Goal of the exercise: When you return the material, keep every line exactly as it is and omit the pictures.

------ Supplied information

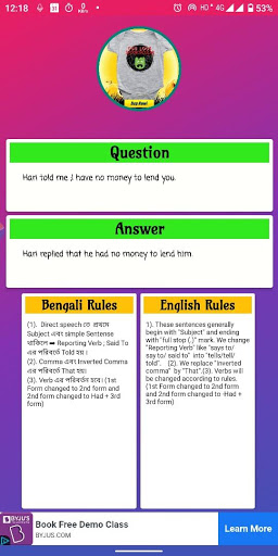 When we express someone’s words in our own words, it is called – “Indirect Speech” and when we express someone’s words as it is, it is called – “Direct Speech“.“Narration Change App" is an application with more than 3000 exercises. Narration Change App It is based on direct and indirect speech examples with answers.
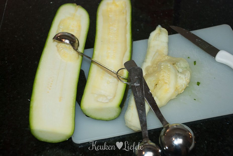 Snijd de courgettes over de lengte doormidden en hol ze voorzichtig uit met een theelepel. Hak het uitgeholde vruchtvlees fijn.
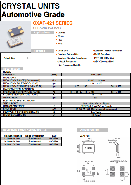 AKER晶振,CXA-028224-4X6D00晶振,CXAF-421晶體,安碁科技亦不斷提升技術(shù)服務(wù).透過與客戶緊密的互動,了解客戶需求,提供客戶全方位的技術(shù)支援─TotalSolution;貫徹安碁誠信為首、專業(yè)化客戶服務(wù)及品質(zhì)優(yōu)先的理念.公司愿景-追求卓越,不斷創(chuàng)新,與客戶一同成長,成為客戶在頻率控制元件領(lǐng)域的最佳伙伴.主要從事晶振元件產(chǎn)品的研發(fā)、制造及銷售.擁有深厚的研發(fā)技術(shù)底蘊(yùn),為晶體振蕩器之專業(yè)制造公司.
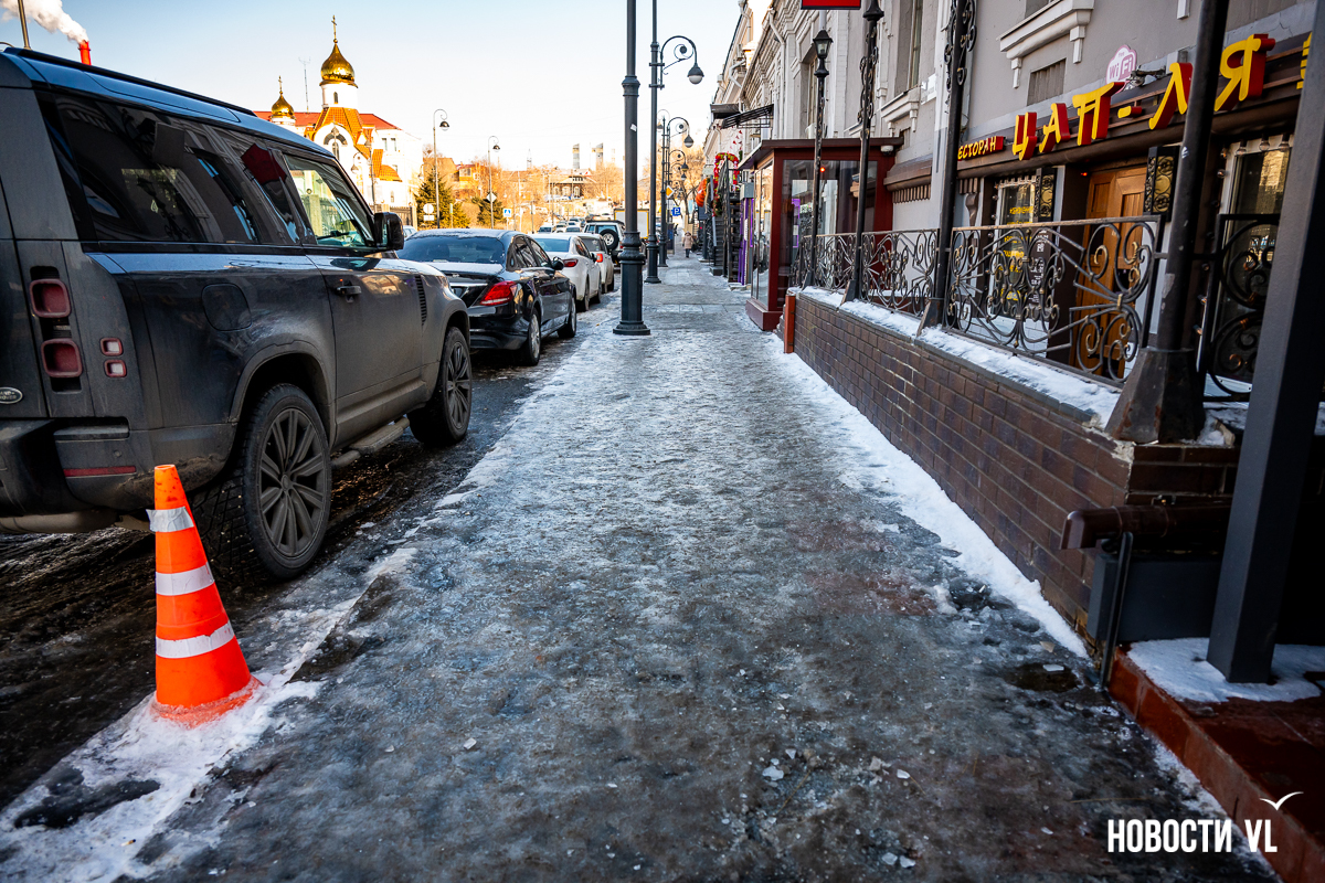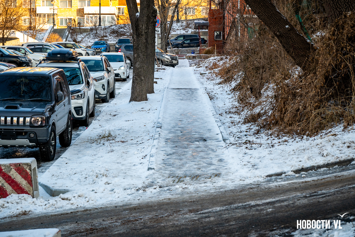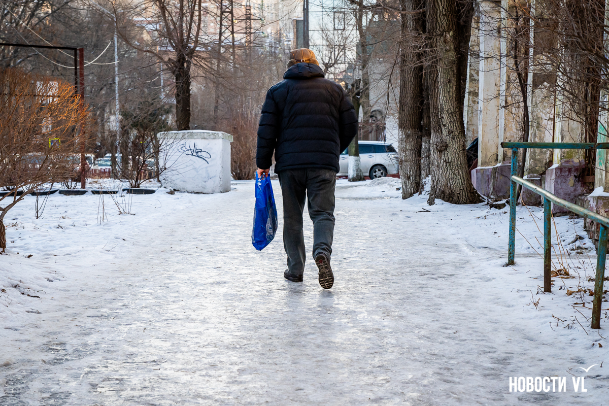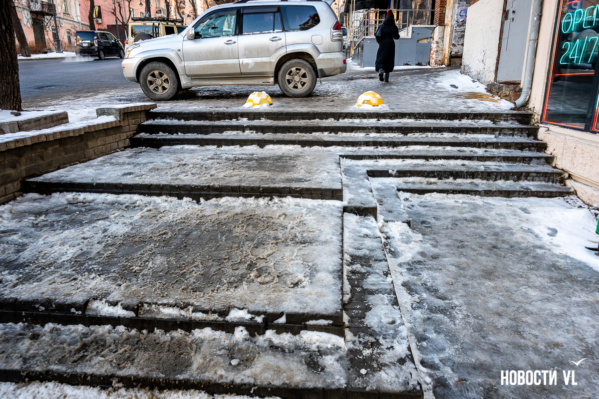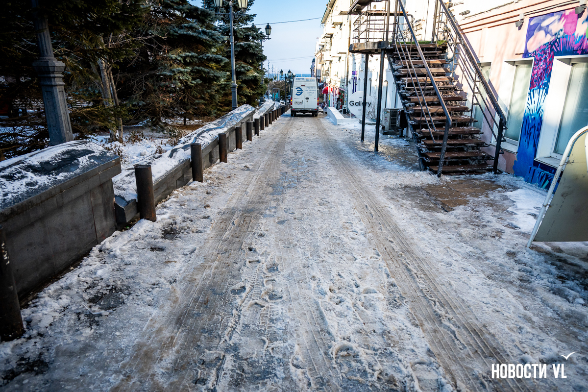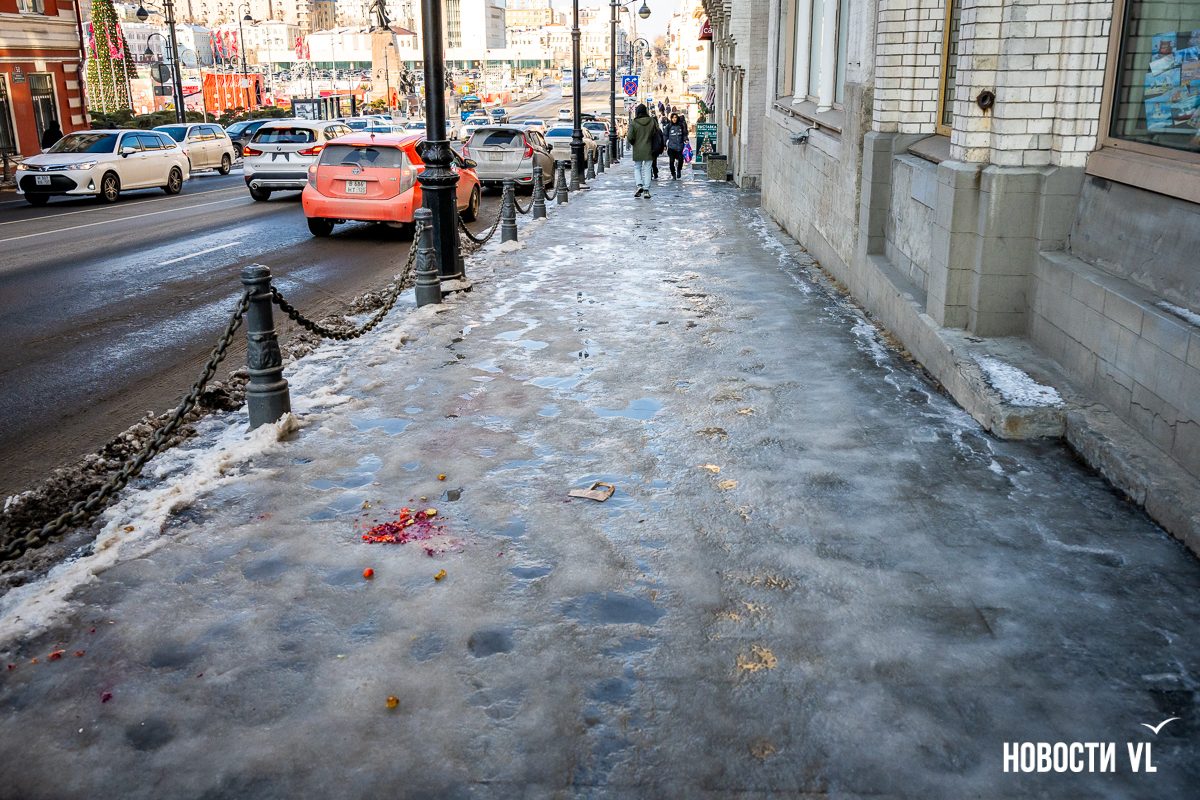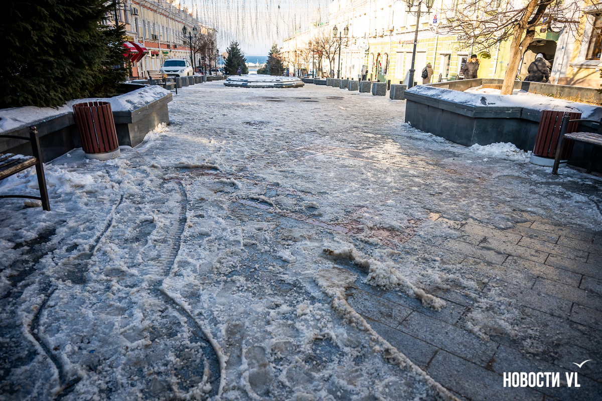 Владивосток всё ещё приходит в себя после снега с дождём, выпавшего два дня назад. Основные дороги были убраны оперативно, а вот тротуары – в толстой корке льда, при этом на многих участках нет даже песка. Плохую подготовку к непогоде показали не только муниципальные службы, но и управляющие компании и юрлица. Тех, кто оперативно не убрал снег и лёд, будут штрафовать, причём комиссии уже работают. Как рассказали Новостям VL в одной из УК, по процедуре – есть время на устранение нарушения, а штраф можно оспорить. Если же это не произойдёт, то платить компания будет из своей прибыли – брать деньги из средств дома запрещено.

------------

Solution for this task:
 When we express someone’s words in our own words, it is called – “Indirect Speech” and when we express someone’s words as it is, it is called – “Direct Speech“.“Narration Change App" is an application with more than 3000 exercises. Narration Change App It is based on direct and indirect speech examples with answers.
 Snijd de courgettes over de lengte doormidden en hol ze voorzichtig uit met een theelepel. Hak het uitgeholde vruchtvlees fijn.
 AKER晶振,CXA-028224-4X6D00晶振,CXAF-421晶體,安碁科技亦不斷提升技術(shù)服務(wù).透過與客戶緊密的互動,了解客戶需求,提供客戶全方位的技術(shù)支援─TotalSolution;貫徹安碁誠信為首、專業(yè)化客戶服務(wù)及品質(zhì)優(yōu)先的理念.公司愿景-追求卓越,不斷創(chuàng)新,與客戶一同成長,成為客戶在頻率控制元件領(lǐng)域的最佳伙伴.主要從事晶振元件產(chǎn)品的研發(fā)、制造及銷售.擁有深厚的研發(fā)技術(shù)底蘊(yùn),為晶體振蕩器之專業(yè)制造公司.
 Владивосток всё ещё приходит в себя после снега с дождём, выпавшего два дня назад. Основные дороги были убраны оперативно, а вот тротуары – в толстой корке льда, при этом на многих участках нет даже песка. Плохую подготовку к непогоде показали не только муниципальные службы, но и управляющие компании и юрлица. Тех, кто оперативно не убрал снег и лёд, будут штрафовать, причём комиссии уже работают. Как рассказали Новостям VL в одной из УК, по процедуре – есть время на устранение нарушения, а штраф можно оспорить. Если же это не произойдёт, то платить компания будет из своей прибыли – брать деньги из средств дома запрещено.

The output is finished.